I finally got around to seeing Rise of the Guardians last month. It had everything to do with my child now being old enough to appreciate longer movies and nothing to do with my appreciating Chris Pine’s sexy voice through 90% of the movie. Nope, nothing at all. And that is not why I bought the DVD.



Back in December, EMichels did a post on the center of evil and how the villains in your books need a center instead of just being bad for the sake of badness.

One of the themes in Rise of the Guardians is every person has a “center.” Deep down, there’s the core of what we bring to the world. Is it fun, wonderment, hope?

North explains his many layers. He’s jolly, mysterious, fearless, and caring – but the core of what makes him Santa is wonderment. He has eyes of wonder. Seeing the world with a childlike view allows him to create the toys, the lights, the spectacle and wonder that is Christmas.

As I watched Jack Frost embark on a quest that helps him discover his center (and was subsequently treated to a very pleasing number of CPine chuckles), it occurred to me how much the metaphor North uses to explain our center relates to our voice as writers. I began to wonder, what is the center of my voice?

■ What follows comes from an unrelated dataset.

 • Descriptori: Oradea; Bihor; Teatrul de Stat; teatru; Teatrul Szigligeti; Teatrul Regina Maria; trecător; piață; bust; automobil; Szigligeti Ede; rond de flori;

Yes, I write with a lot of romance and love and, let’s be honest, lust. It’s why I’m in the romance genre. <insert duh here> I think pretty much every story can be improved with a bit of love and canoodling – even if it’s waaaay off on the side.

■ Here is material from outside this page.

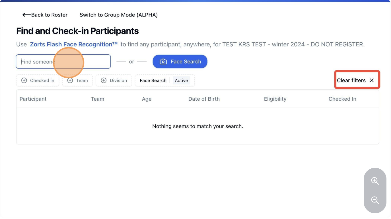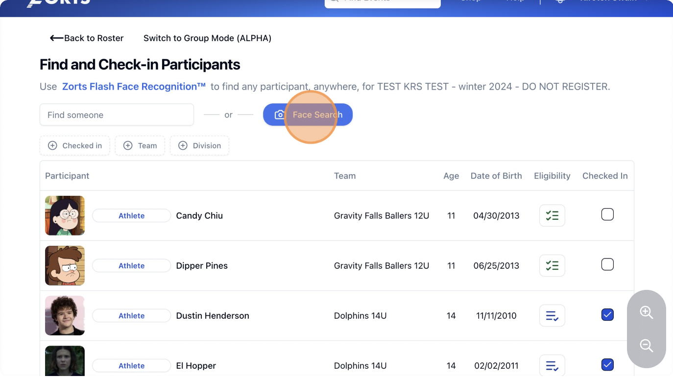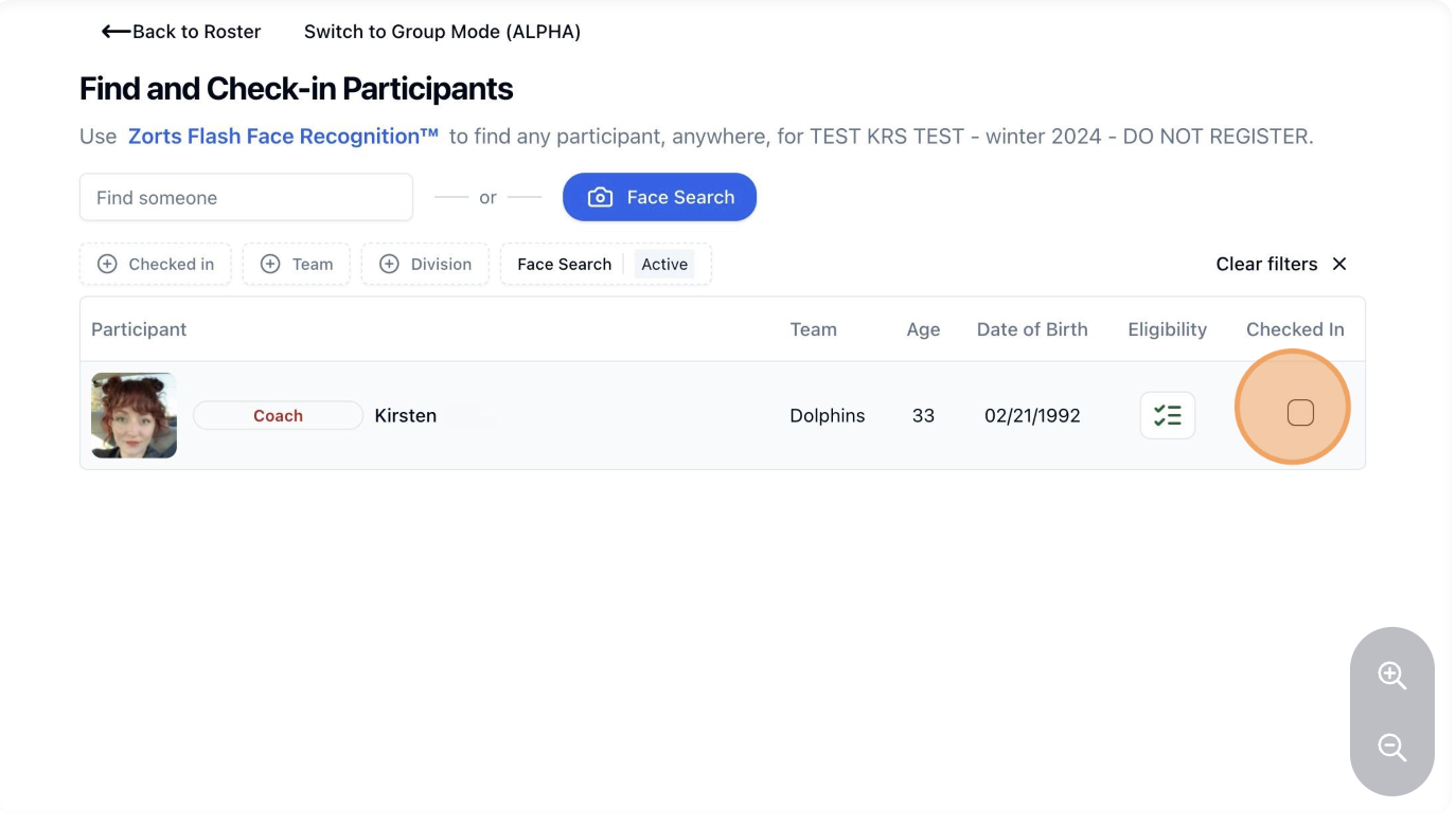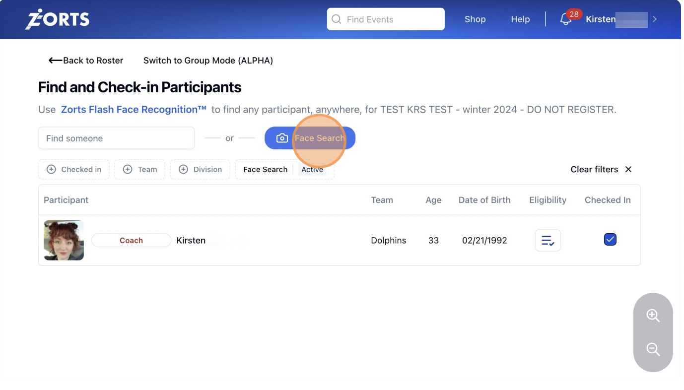 9. To check in the next participant or coach, click 'Face Search' again.

I write with humor. It’s prevalent in almost all that I do. I can’t write, or even live, without it.

I write a lot about loyalty and adventure. Bonds built through through sticky situations and shenanigans.

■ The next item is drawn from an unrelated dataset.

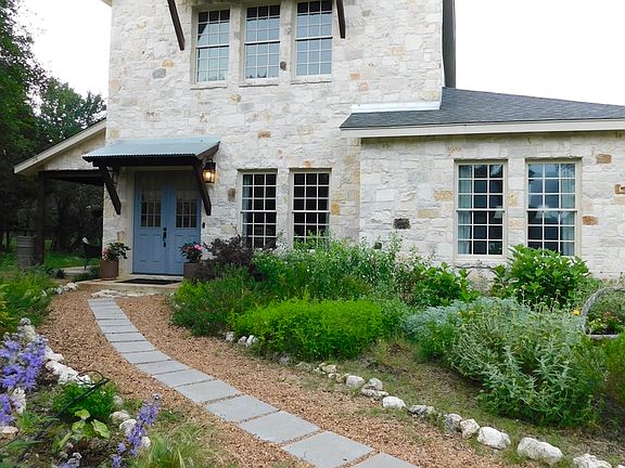 **PRICE IMPROVEMENT... MOTIVATED SELLER...** Welcome to your dream retreat on 2 serene acres in Cypress Springs on the Guadalupe, conveniently nestled between Austin and San Antonio. This custom-built haven combines French Country charm with Texas Farmhouse warmth, completed in 2020. Step through the gates into a European-style garden flourishing with vibrant Texas flora. Inside, be captivated by the 30-foot limestone wall sourced from several Texas quarries to get the look just right. The gourmet kitchen is a culinary masterpiece, boasting a leathered-marble island, custom cabinets, butcher block, and hand-forged hardware from San Miguel de Allende. The main level features three bedrooms, a mudroom, and a laundry, while the ideal-sized guest rooms offer luxury with 8-foot doors and a Jack and Jill bathroom set with Quartzite countertops. The piece de resistance? Your primary suite, a sanctuary of style and sophistication. With a private dressing room, walk-in closets, and double vanities topped with Quartzite stone, every detail has been carefully considered. Exterior doors off the primary and kitchen lead to crossvine-draped pergolas with a large fenced-in yard of meandering crushed granite paths. Upstairs, a charming loft space awaits, ideal for curling up with a good book, entertaining guests, or practicing yoga. With large picture windows, built-in bookshelves, and French oak flooring, it's a cozy retreat from the world below. Step outside to a pergola overlooking a fenced yard with crushed granite paths. Practicalities include a 2-car carport/pavilion with storage connected to the home by a convenient breezeway. But the real magic? Residents enjoy exclusive access to a private waterfront Guadalupe River park, just a walk around the corner from your front door. Welcome home to luxury living at its finest, where every detail has been lovingly crafted to inspire and delight. Schedule your private showing today as this gem won't be on the market long! ------ Here are some additional details worth noting: 1.5 stories; all bedrooms on first level with library/office on second floor with hill country view | 700-sqft* great room with a approx. 30-foot creamy limestone wall. (*approx) | gourmet kitchen with leathered marble island/bar | Dual-fuel convection and conventional range with custom hood | shelving under lights | filtered water system | private master suite with two walk-in closets, dressing room, large bath, and view to crossvine-drapped pergola and beyond | partially fenced for gardening and pets, around front and back of house | approx. 100sqft closed storage in two-car carport | foam insulation throughout house translates to lower electric bills | floored attic space | covered patio off kitchen for al fresco dining | water softener for entire house | quartzite countertops in baths and library between custom bookshelves | marble tile in showers | hidden closet under stairs | upgraded pocket doors for sound proofing entry areas and for maximizing space overall | double-hung windows on front of house | screens for all windows | French white oak stair treads and flooring in library loft with wine cooler | two zoned AC/Heat | gas fireplace | electric tankless water heater | dimmers on select lights.

I use a lot of banter in my books.  I may have one or two strong, silent types, but most of my characters lean toward loquacious. It’s just how I roll.

But I realized, the center of my voice…is hope. My characters have been and will go through a lot. Many of them, at the start, have given up any hope of real happiness. They’re struggling in some way, trying to make things work, or plain ole faking it. They either don’t believe in love and happiness or they don’t believe themselves deserving. By the end, though, they have hope.  Hope for a better life. Hope for the love they’ve finally found. Hope for life because they’ve learned it’s about more than just getting by.

I imagine my center is similar to a lot of romance authors. We are writing Happily Ever After after all. 😉

So what’s your center? And what are the many layers wrapped around it?